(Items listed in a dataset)
-=-=-=-=-

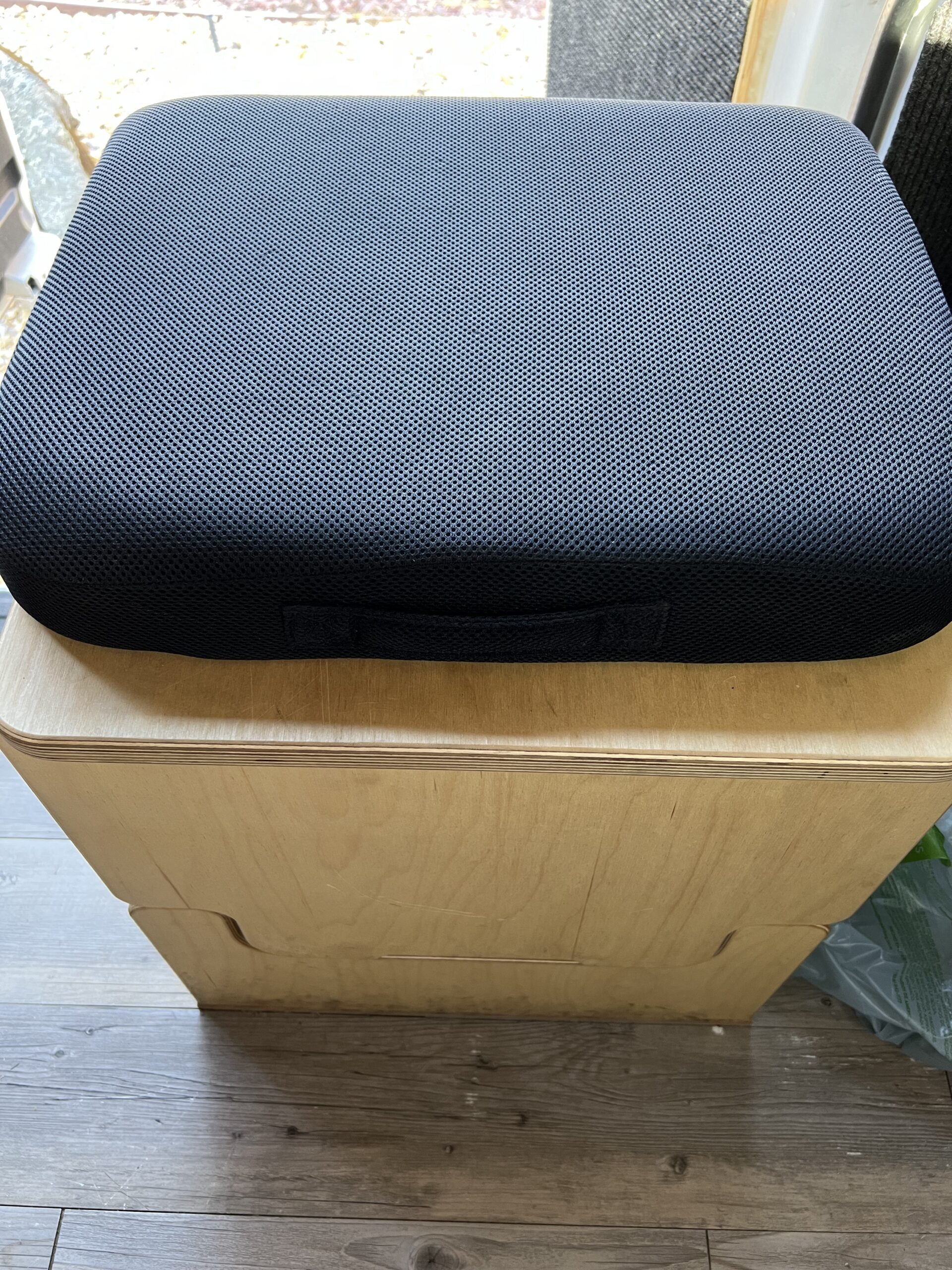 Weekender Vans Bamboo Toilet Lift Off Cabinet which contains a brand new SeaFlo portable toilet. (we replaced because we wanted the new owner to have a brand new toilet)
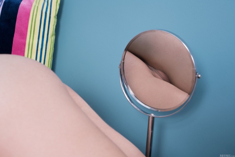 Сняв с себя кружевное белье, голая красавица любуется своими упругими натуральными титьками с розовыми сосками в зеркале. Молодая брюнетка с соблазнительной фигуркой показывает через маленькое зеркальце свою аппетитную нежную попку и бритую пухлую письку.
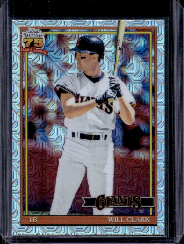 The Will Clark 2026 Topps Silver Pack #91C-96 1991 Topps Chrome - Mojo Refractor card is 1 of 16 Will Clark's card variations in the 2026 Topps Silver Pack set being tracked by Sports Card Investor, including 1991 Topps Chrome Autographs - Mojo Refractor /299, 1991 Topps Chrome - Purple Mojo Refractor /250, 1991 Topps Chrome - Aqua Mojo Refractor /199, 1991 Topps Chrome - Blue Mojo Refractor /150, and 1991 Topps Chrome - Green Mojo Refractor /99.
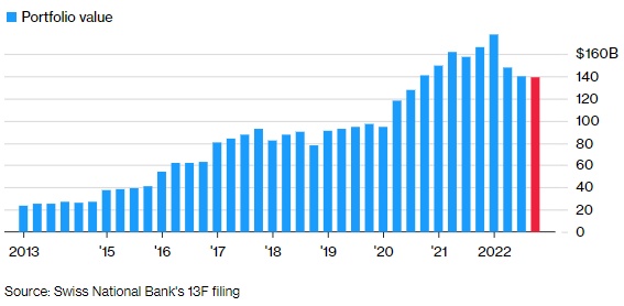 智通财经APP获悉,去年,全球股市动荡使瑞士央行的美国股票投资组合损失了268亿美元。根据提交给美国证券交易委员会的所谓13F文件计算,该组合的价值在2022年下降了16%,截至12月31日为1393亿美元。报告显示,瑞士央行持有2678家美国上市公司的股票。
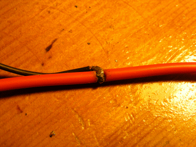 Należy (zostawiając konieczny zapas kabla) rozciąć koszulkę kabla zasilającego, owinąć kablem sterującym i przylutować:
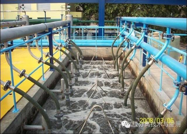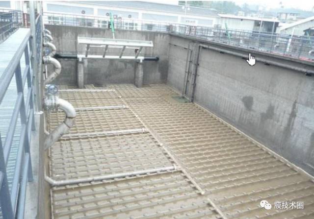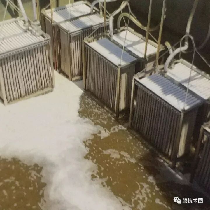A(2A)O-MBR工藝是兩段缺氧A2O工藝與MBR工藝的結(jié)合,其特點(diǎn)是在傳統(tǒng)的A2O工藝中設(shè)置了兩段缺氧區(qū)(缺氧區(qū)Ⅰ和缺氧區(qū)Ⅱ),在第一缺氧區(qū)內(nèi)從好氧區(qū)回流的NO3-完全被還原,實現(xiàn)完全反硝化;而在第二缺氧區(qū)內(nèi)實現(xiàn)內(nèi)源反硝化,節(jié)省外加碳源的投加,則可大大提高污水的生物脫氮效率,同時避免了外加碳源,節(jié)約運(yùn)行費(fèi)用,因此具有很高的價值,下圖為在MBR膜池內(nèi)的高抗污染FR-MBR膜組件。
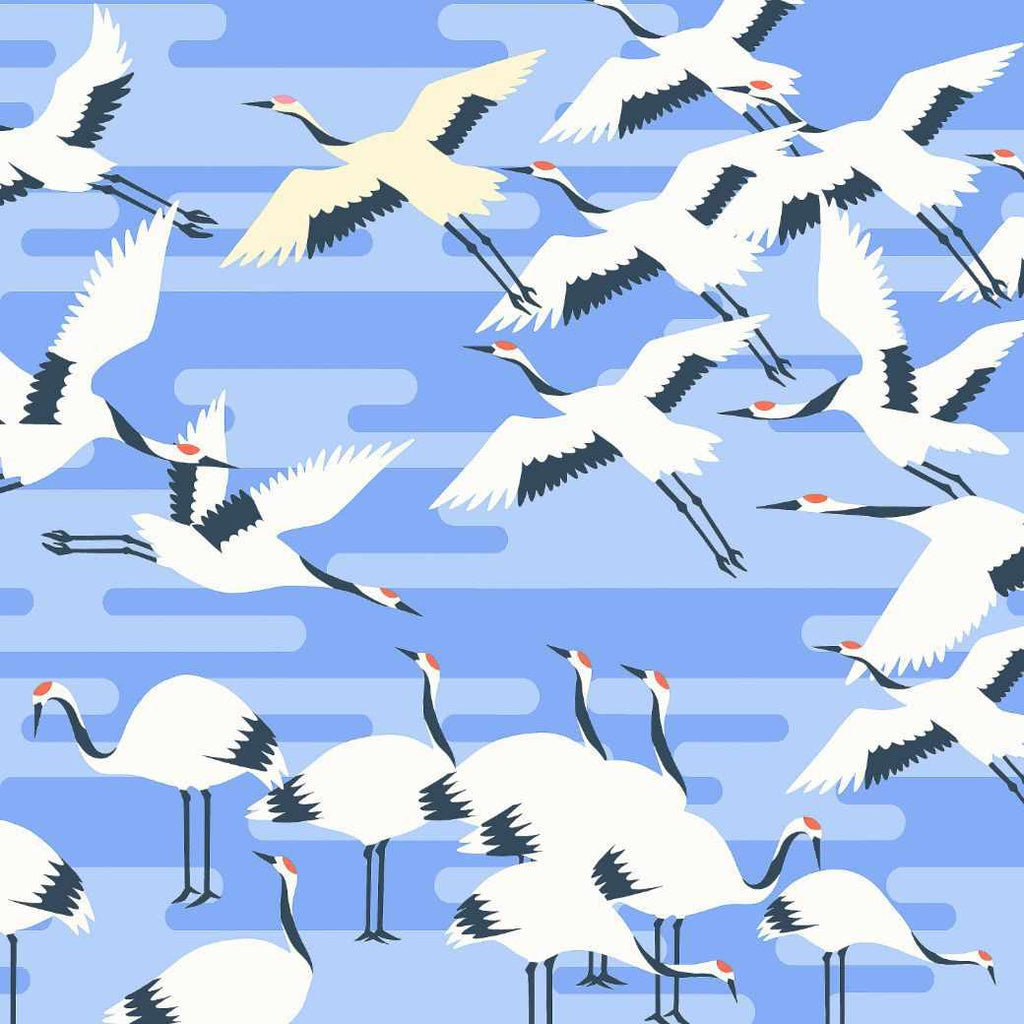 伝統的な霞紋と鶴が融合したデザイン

-=-=-=-=-

▶ _EXERCISE PROMPT_
With the pictures left out, copy exactly the lines above from the line containing "A(2A)O-MBR工藝是兩" through the last line of the entries.

▶ _ANSWER TO THE EXERCISE_
A(2A)O-MBR工藝是兩段缺氧A2O工藝與MBR工藝的結(jié)合,其特點(diǎn)是在傳統(tǒng)的A2O工藝中設(shè)置了兩段缺氧區(qū)(缺氧區(qū)Ⅰ和缺氧區(qū)Ⅱ),在第一缺氧區(qū)內(nèi)從好氧區(qū)回流的NO3-完全被還原,實現(xiàn)完全反硝化;而在第二缺氧區(qū)內(nèi)實現(xiàn)內(nèi)源反硝化,節(jié)省外加碳源的投加,則可大大提高污水的生物脫氮效率,同時避免了外加碳源,節(jié)約運(yùn)行費(fèi)用,因此具有很高的價值,下圖為在MBR膜池內(nèi)的高抗污染FR-MBR膜組件。
 伝統的な霞紋と鶴が融合したデザイン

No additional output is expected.